Dicen que el que la sigue la consigue, que es una forma popular de augurar buen fin a la perseverancia. Luego está la obstinación, que viene a ser como una exagerada e irracional perseverancia, que muchas veces se da de bruces contra la realidad o que cosecha un perjuicio a quien se empeña obsesivamente en algo que cree le puede beneficiar. Sin duda, la obstinación no atiende a razones ni a consejos, y es capaz de avanzar sin descanso hacia el precipicio. La historia y la leyenda están llenas de grandes personajes que consiguieron llevar a buen fin sus empeños: Desde el caudillo Moisés, que llevó al pueblo judío a la Tierra Prometida, tras 40 años de sufrimientos por el desierto; a Ulises, que llegó a Ítaca; Cristóbal Colón que llegó a las Indias; o Magallanes y Elcano, que consiguieron dar la primera vuelta al mundo en un velero. Sin embargo, grandes estrategas y poderosos mandatarios, llevaron a sus pueblos al desastre y hasta la desaparición por empecinarse en enfrentarse a todos. La obstinación ha terminado con los más poderosos soberanos y con los mejores dictadores de todas las épocas. Desde el Imperio Romano, la Armada Invencible, el Imperio Napoleónico, el todopoderoso III Reich o la propia URSS, demuestran aquello de que por muy altas que se levanten las torres, no hay cimientos basados en la violencia, la injusticia, ni la manipulación de las masas que no terminen en la ruina, como lágrimas en la lluvia.

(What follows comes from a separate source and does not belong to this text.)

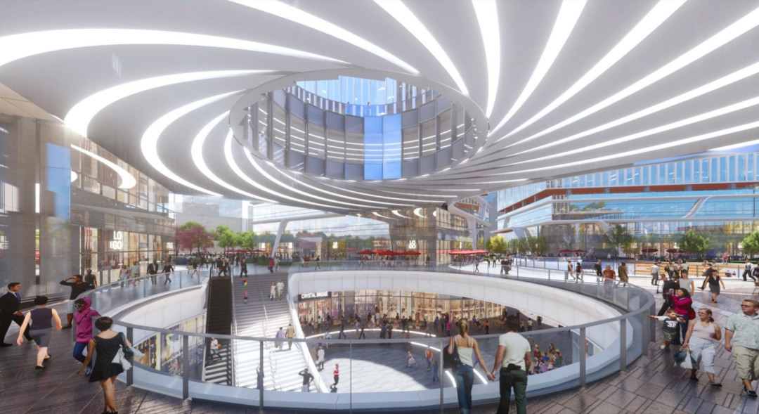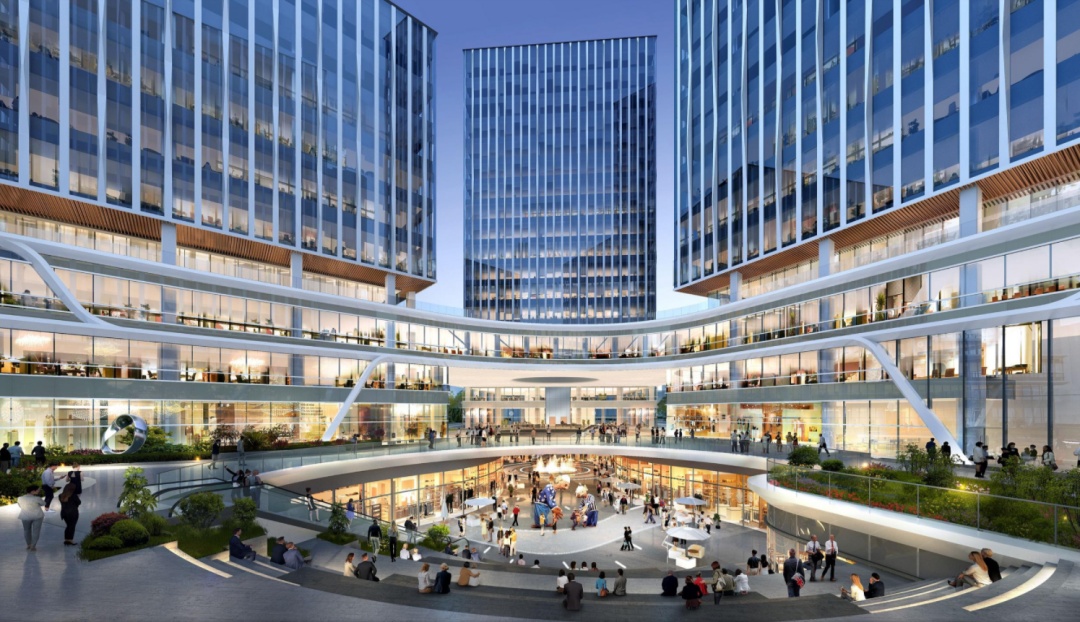 在设计上,项目最大的亮点是“开放”。晶耀虹桥由世界著名建筑设计公司NBBJ负责整体设计,得益于轨交2号线、15号线的双地铁上盖的优势,项目运用全新的设计理念,融入立体城市功能,通过多首层的创新空间设计,为市民提供贯穿地上、地面与地下的立体活动空间,实现办公、商业与休闲的无缝连接,形成一体化街区。

Es cierto que la historia nos ha demostrado que, por ahora, no hemos descubierto un régimen menos malo que la democracia y que, mientras tanto, hemos de defenderla con todas nuestras fuerzas, incluso contra los cantos de sirenas de quienes culpan a la democracia de los males que asolan los tiempos que vivimos. Y también es cierto que las masas, convenientemente enfervorizadas, manipuladas y engañadas, pueden usarse como rebaños dirigidos contra el precipicio o contra las fauces de las manadas de lobos. De vez en cuando hay que tener presente que hasta Hitler ganó unas elecciones, y que miles de ciudadanos salían a las calles con miles y miles de banderas para apoyar a quien los llevó al desastre.

La historia cada día interesa menos a quienes programan los temarios de la enseñanza que se imparte a los ciudadanos, y por eso nos dicen que estudiarla no es una necesidad, tal vez mientras piensan que es un peligro, como todas las disciplinas que hacen pensar distinto, por uno mismo. Pero la historia nos enseña muchas cosas, entre ellas el daño que han hecho las banderas y los sentimientos nacionalistas que se han inculcado a las gentes desde que el mundo es mundo. Nada peor que olvidar que el mundo es la casa de todos y que los humanos hemos de ser hermanos y convivir con la naturaleza y el resto de seres vivos. Lo olvidamos pero en ello nos va la vida y la supervivencia.

Juan Martín, ´El Empecinado´, fue un destacado guerrillero español que luchó con perspicacia, valor, perseverancia y éxito contra la invasión de las tropas napoleónicas. Gracias a ello el pueblo lo idolatraba y hasta fue condecorado y ascendido a altas responsabilidades dentro del ejército español por el propio Fernando VII. Benito Pérez Galdós escribió de él que fue «un guerrillero insigne que siempre se condujo movido por nobles impulsos, generoso, leal y sin parentela moral con facciosos». Con el paso del tiempo, por su lucha, en el Trienio Liberal, contra los absolutistas, terminó ajusticiado como un criminal por el propio Fernando VII, y el pueblo, que otrora lo vitoreaba como un héroe, le escupía en la cara y pedía

su ejecución.

No sé porqué escribo esto ahora, tal vez porque los salvapatrias vitoreados por la plebe hoy, pueden ser mañana denostados por los mismos que portaban banderas en su apoyo ayer. Le pasó al propio Jesucristo, que entró con vítores, olivo y palmas a Jerusalén y luego fue el propio pueblo quien clamaba para que lo ajusticiaran. Sigue faltando mucha educación y mucho criterio y el peor mal que nos lleva a la ruina es la manipulación de las masas que siempre promueven los poderosos.